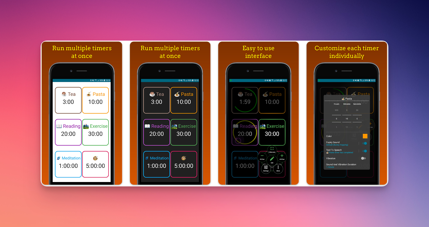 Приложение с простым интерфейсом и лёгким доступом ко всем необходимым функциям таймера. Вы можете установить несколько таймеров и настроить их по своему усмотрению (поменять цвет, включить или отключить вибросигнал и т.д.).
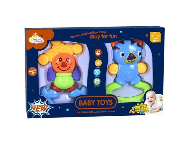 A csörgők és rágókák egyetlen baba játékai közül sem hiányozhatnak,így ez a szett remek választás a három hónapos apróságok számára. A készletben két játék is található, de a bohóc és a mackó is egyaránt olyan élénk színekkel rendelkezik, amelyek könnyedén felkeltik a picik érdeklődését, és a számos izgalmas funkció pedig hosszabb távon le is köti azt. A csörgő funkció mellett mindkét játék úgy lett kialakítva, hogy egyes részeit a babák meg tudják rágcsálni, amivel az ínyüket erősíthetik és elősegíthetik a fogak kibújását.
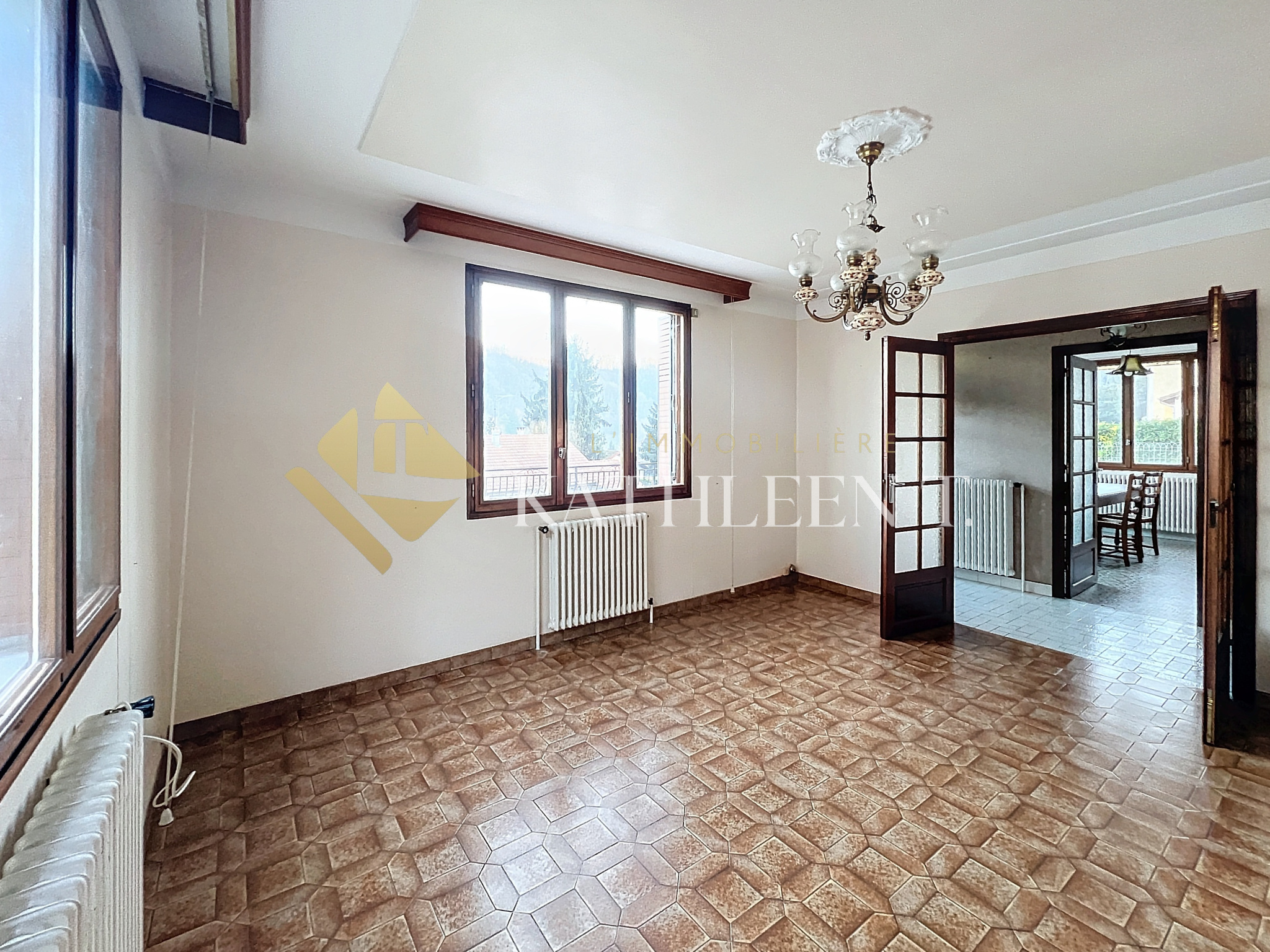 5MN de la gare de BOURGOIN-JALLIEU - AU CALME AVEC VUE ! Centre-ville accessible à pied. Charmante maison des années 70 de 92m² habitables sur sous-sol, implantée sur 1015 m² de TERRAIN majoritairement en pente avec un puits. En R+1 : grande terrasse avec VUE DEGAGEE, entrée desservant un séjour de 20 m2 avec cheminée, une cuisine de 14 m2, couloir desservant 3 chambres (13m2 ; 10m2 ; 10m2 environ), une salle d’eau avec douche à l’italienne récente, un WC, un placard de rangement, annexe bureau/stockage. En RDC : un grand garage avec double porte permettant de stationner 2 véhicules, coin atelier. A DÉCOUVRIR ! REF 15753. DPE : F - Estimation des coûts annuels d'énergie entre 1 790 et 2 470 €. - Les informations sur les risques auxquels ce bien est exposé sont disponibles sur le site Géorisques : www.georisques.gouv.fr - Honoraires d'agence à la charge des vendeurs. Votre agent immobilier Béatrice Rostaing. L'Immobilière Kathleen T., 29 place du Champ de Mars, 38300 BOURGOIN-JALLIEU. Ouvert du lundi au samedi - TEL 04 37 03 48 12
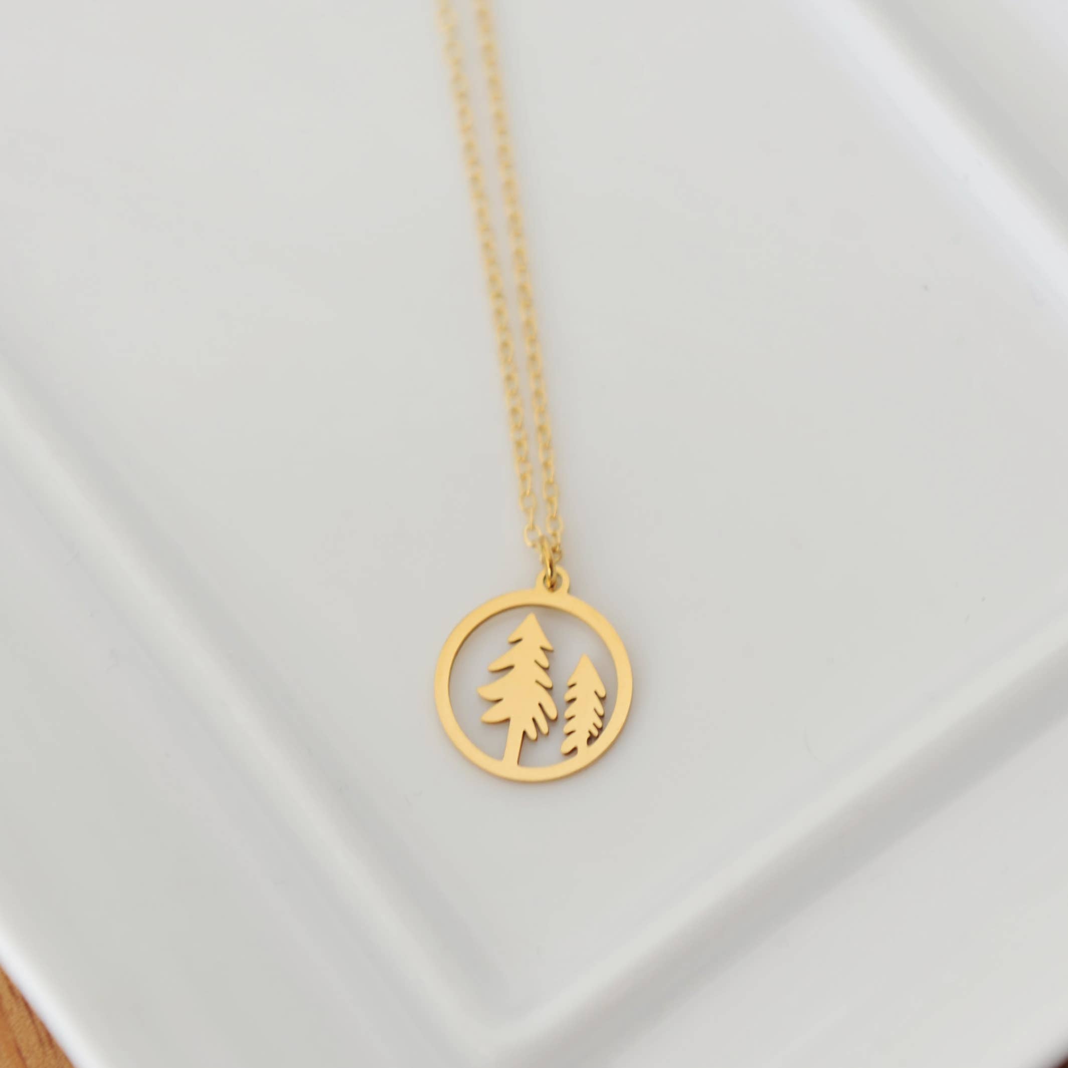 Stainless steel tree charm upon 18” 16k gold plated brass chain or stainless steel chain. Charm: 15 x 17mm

:: Assignment ::
Each line of the data must be transcribed exactly; pictures are not carried over.

:: Your solution ::
 Приложение с простым интерфейсом и лёгким доступом ко всем необходимым функциям таймера. Вы можете установить несколько таймеров и настроить их по своему усмотрению (поменять цвет, включить или отключить вибросигнал и т.д.).
 A csörgők és rágókák egyetlen baba játékai közül sem hiányozhatnak,így ez a szett remek választás a három hónapos apróságok számára. A készletben két játék is található, de a bohóc és a mackó is egyaránt olyan élénk színekkel rendelkezik, amelyek könnyedén felkeltik a picik érdeklődését, és a számos izgalmas funkció pedig hosszabb távon le is köti azt. A csörgő funkció mellett mindkét játék úgy lett kialakítva, hogy egyes részeit a babák meg tudják rágcsálni, amivel az ínyüket erősíthetik és elősegíthetik a fogak kibújását.
 5MN de la gare de BOURGOIN-JALLIEU - AU CALME AVEC VUE ! Centre-ville accessible à pied. Charmante maison des années 70 de 92m² habitables sur sous-sol, implantée sur 1015 m² de TERRAIN majoritairement en pente avec un puits. En R+1 : grande terrasse avec VUE DEGAGEE, entrée desservant un séjour de 20 m2 avec cheminée, une cuisine de 14 m2, couloir desservant 3 chambres (13m2 ; 10m2 ; 10m2 environ), une salle d’eau avec douche à l’italienne récente, un WC, un placard de rangement, annexe bureau/stockage. En RDC : un grand garage avec double porte permettant de stationner 2 véhicules, coin atelier. A DÉCOUVRIR ! REF 15753. DPE : F - Estimation des coûts annuels d'énergie entre 1 790 et 2 470 €. - Les informations sur les risques auxquels ce bien est exposé sont disponibles sur le site Géorisques : www.georisques.gouv.fr - Honoraires d'agence à la charge des vendeurs. Votre agent immobilier Béatrice Rostaing. L'Immobilière Kathleen T., 29 place du Champ de Mars, 38300 BOURGOIN-JALLIEU. Ouvert du lundi au samedi - TEL 04 37 03 48 12
 Stainless steel tree charm upon 18” 16k gold plated brass chain or stainless steel chain. Charm: 15 x 17mm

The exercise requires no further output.